Dow Chemical ends year wresting with ugly surprise

A year-end surprise has left the largest U.S. chemical company scrambling to salvage a deal it had hoped would make riding out a recession a little easier.
Following the collapse of a $17.4 billion joint venture with a state-owned Kuwaiti company, Dow Chemical must weigh taking on more debt than it wanted, entering intense negotiations to restructure a buyout of rival Rohm & Haas, or both.
Shares of Rohm & Haas soared by the greatest amount in two months Tuesday, signifying pressure on Dow to complete the deal.
And if Dow delays a decision, it could lose money.
Under an agreement signed with the Philadelphia-based specialty chemicals maker, the original buyout price of $78-per-share will rise each day that Dow fails to sign off on the deal after Jan. 10.
Dow agreed to pay a 74 percent premium for Rohm & Haas during a summer when all chemical makers were burdened by unprecedented costs for energy and carbon-based feedstocks.
That environment has changed radically. Energy prices have tumbled and the global economy has deteriorated badly, two reasons given by Kuwait to dump its agreement with Dow late Sunday.
Dow had expected more than $7 billion in cash from the joint venture.
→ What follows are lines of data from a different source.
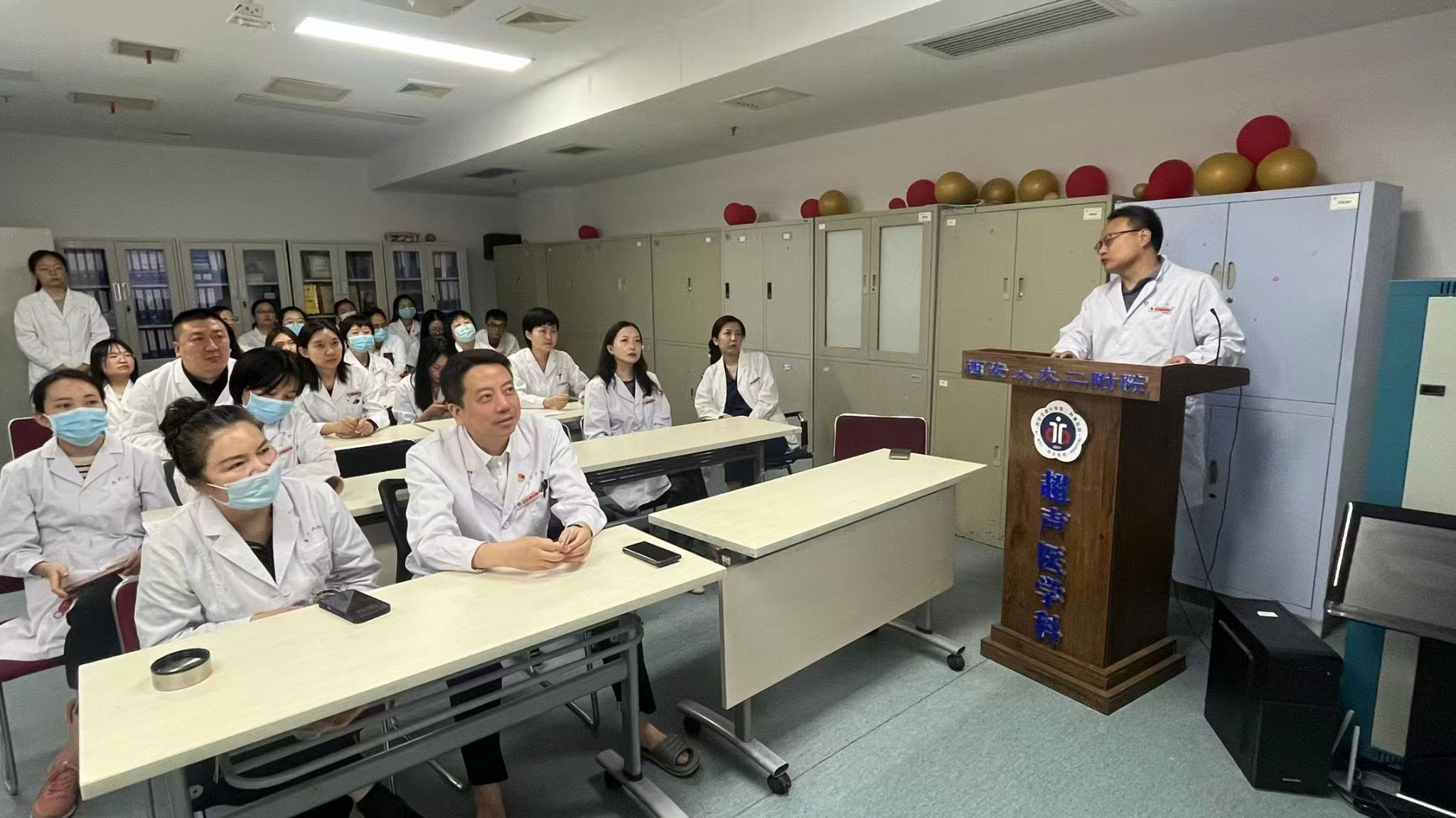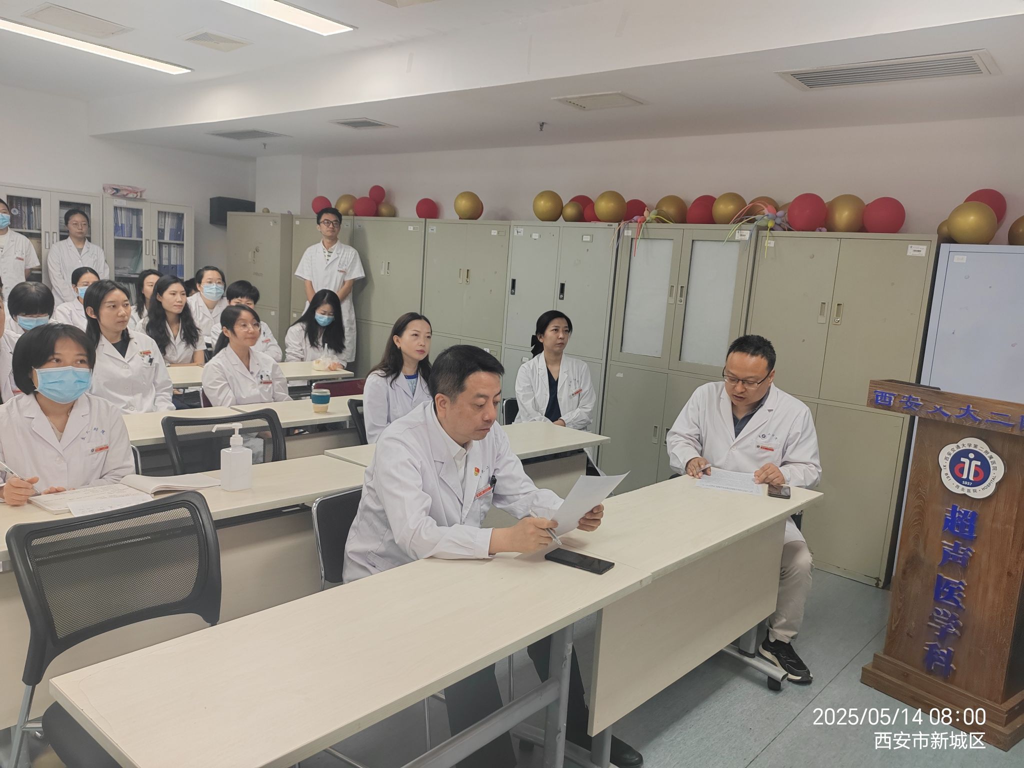 在前期学习的基础上,5 月 28 日,党支部聚焦 “中央八项规定学习教育及党风建设”专题,引导党员深刻认识党的作风建设的长期性、复杂性。会议强调,科室全体人员要将八项规定精神贯穿于医疗服务工作中,重点加强行业作风自查自纠,坚决抵制医疗行业中的“微腐败”、过度检查等不正之风,切实维护患者权益。同时,支部部署建立长效学习机制,将行风建设纳入考核评价体系,推动形成 “学规定、强作风、促发展” 的良好氛围。
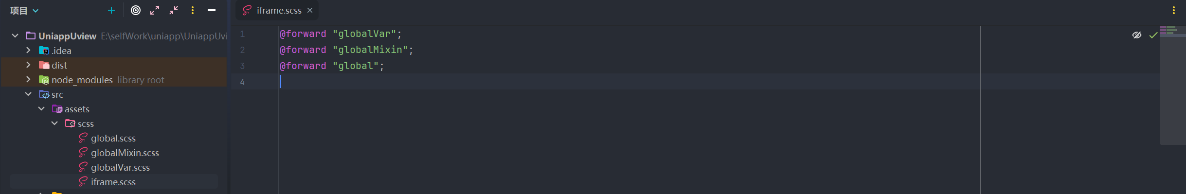 2.在assets中新建scss>global.scss、scss>globalMixin.scss、scss>globalVar.scss、scss>iframe.scss,global.scss用于通用的样式、globalMixin.scss用于Mixin通用的样式、globalVar.scss用于全局变量、iframe.scss用于导出scss文件
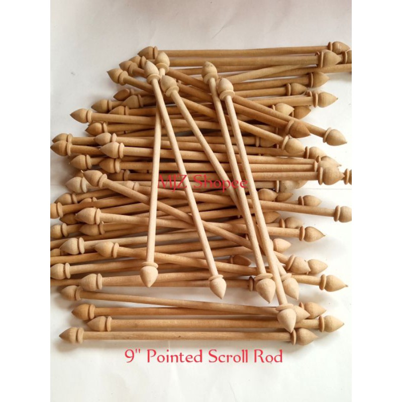 Unpainted Wooden Scroll Rod (Pointed Tip) 9" (50pcs)

While the company claimed that money would not be needed for the Rohm & Haas deal, its absence leaves a large hole in its balance sheet.
"We see a potential setback for Dow to raise the required financing for the (Rohm & Haas) deal in the current credit environment and without the proceeds from the K-Dow joint venture," HSBC analyst Hassan Ahmed said in a note to investors.
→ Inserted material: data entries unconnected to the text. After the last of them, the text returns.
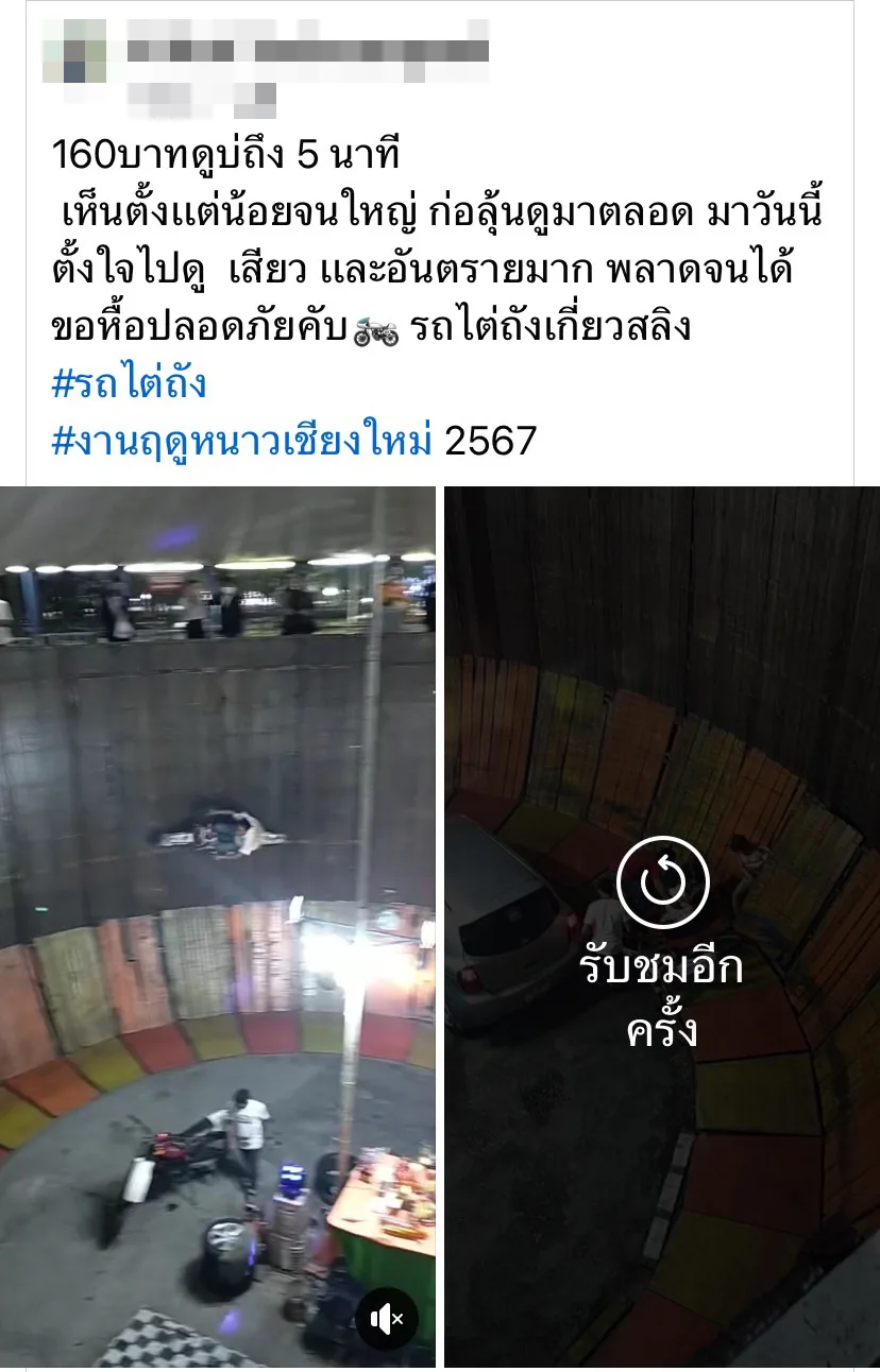 จากผู้ใช้เฟสบุ๊ค มีข้อความว่า 160 บาท ดูไม่ถึง 5 นาที เห็นตั้งแต่เด็กจนใหญ่ ก็ลุ้นมาตลอด มาวันนี้ตั้งใจไปดู เสียว และอันตรายมาก พลาดจนได้ ขอหื้อปลอดภัยคับ รถไต่ถังเกี่ยวสลิง
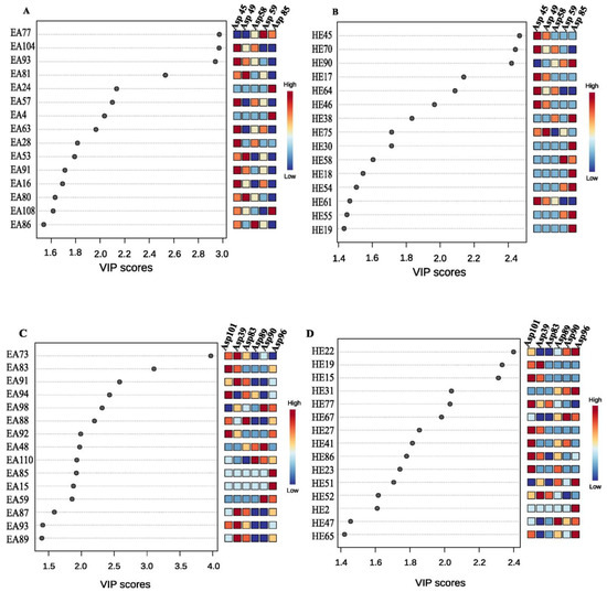 PLS-DA variable importance projection (VIP) scores of metabolites in (A,B) ethyl acetate (EA) and (B,D) hexane (HE) extracts of different strains of S. nojiriensis (A,B) and S. novaecaesareae. (C,D). Higher the VIP score of a metabolite, better it is as a biological marker to contribute with the differentiation of treatments. The abundance of metabolites in each sample is shown as a color scale from red (highest abundance) to blue (lowest abundance). Check Supplementary Table S1 for the full identification of compounds represented in this figure.
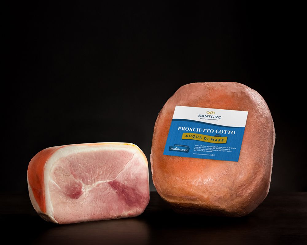 Lontani dal mare non si può stare, lo sappiamo bene. Da questa voglia di onde, dalle migliori cosce della Valle d’Itria e dall’acqua estratta direttamente dal Mar Mediterraneo nasce il nostro Prosciutto Cotto Artigianale all’Acqua di Mare. Salumificio Santoro incontra Mediterranea e la sua acqua con ben 78 minerali differenti per dare vita a un prosciutto cotto dal sapore unico e dal gusto equilibrato e intenso.
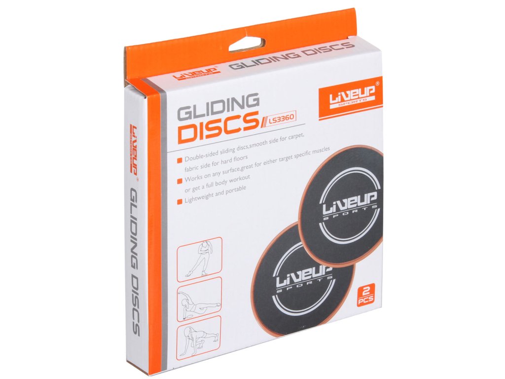 Klouzavé disky LiveUp Gliding Disc "přivážejí" nový rozměr posilování, tvarování postavy a zpevňování vnitřního svalstva těla. Princip cvičení spočívá v klouzavých pohybech po podlaze v různých směrech. Velkou výhodou klouzavého pohybu je velká variabilita a rozsah cviků a šetrnost ke kloubům během cvičení. Klouzavé disky LiveUp Gliding Disc také vynikají svou univerzálností. Je možné je použít jak na ruce, tak i na nohy a především na všechny druhy interiérových povrchů, kdy se hladká strana využívá na koberce a textilní strana je určena pro tvrdé a hladké podlahy. Klouzavé disky LiveUp Gliding Disc jsou mobilní, lehká, zábavná a především velice účinná tréninková pomůcka k posílení celého těla bez zbytečných okolností. Průměr disku je 180 mm a výškou 9 mm.Doplňkové parametry

Both Dow and Rohm & Haas declined comment Tuesday. Dow said Sunday it was reviewing its options, while Rohm & Haas said the collapse of K-Dow had no relation to its acquisition by Dow.
Dow could choose to enter messy litigation with Kuwait for a $2.5 billion breakup fee, but at the same time must decide what to do about Rohm & Haas, which still has a very big price tag given the current economic climate.
Dow has access to a $13 billion loan to complete the Rohm & Haas acquisition, but cash from the Kuwait joint venture would have made it a lot less painful.
Dow's predicament prompted both Moody's Investors Service and Standard & Poor's Ratings Services to cut the company's credit ratings this week to several notches above junk status.
"We also view this development as a setback to Dow's strategy to transform the business profile, as the completion of the K-Dow venture would have substantially muted Dow's exposure to the current petrochemical downturn," wrote S&P's credit analyst Kyle Loughlin.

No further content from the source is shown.